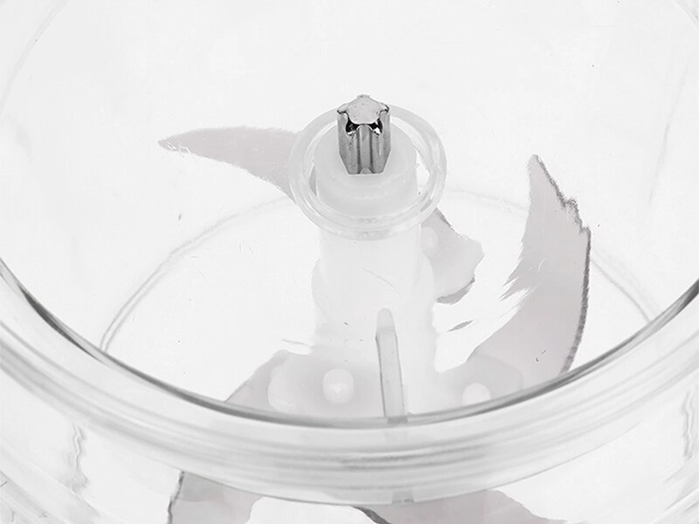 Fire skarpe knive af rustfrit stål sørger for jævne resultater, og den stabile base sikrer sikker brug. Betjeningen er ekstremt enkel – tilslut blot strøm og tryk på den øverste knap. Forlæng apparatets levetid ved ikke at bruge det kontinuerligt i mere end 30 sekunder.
────────────────────────────────────────
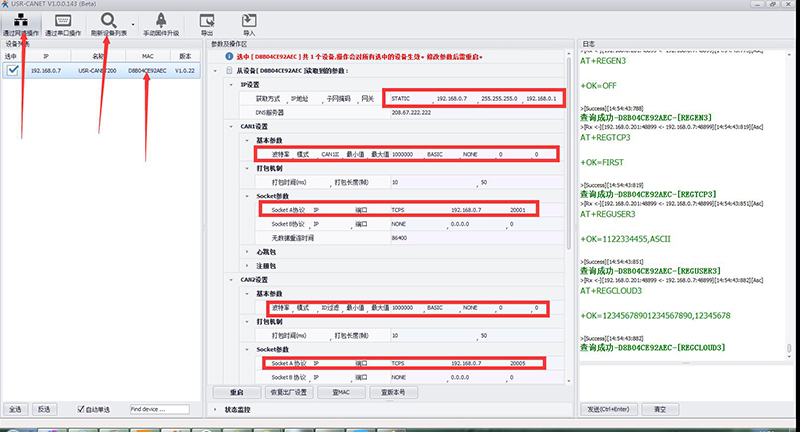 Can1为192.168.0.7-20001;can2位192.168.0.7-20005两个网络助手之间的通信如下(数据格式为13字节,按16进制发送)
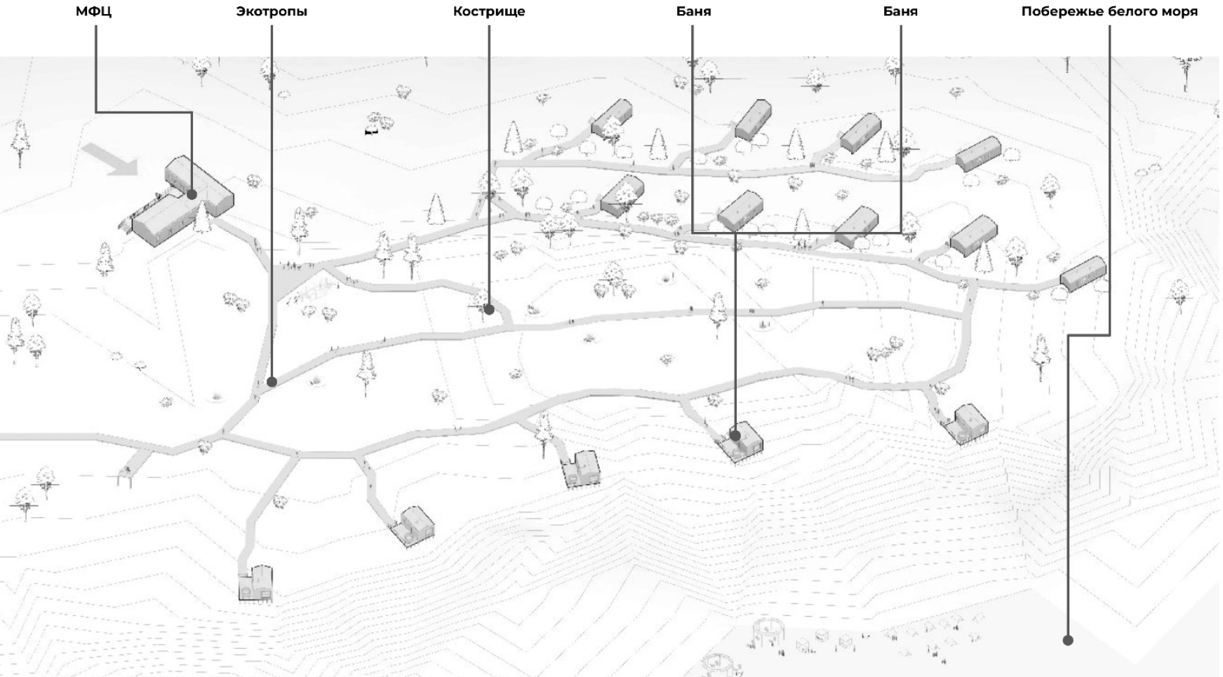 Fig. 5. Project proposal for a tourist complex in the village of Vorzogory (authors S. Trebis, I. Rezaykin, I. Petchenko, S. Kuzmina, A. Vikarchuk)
────────────────────────────────────────
◆ AIM OF THE EXERCISE
Restate the lines above from the one containing "Can1为192.168.0" through the one containing "Fig. 5. Project", inclusive, exactly and without pictures.

◆ REPLY TO THE EXERCISE
 Can1为192.168.0.7-20001;can2位192.168.0.7-20005两个网络助手之间的通信如下(数据格式为13字节,按16进制发送)
 Fig. 5. Project proposal for a tourist complex in the village of Vorzogory (authors S. Trebis, I. Rezaykin, I. Petchenko, S. Kuzmina, A. Vikarchuk)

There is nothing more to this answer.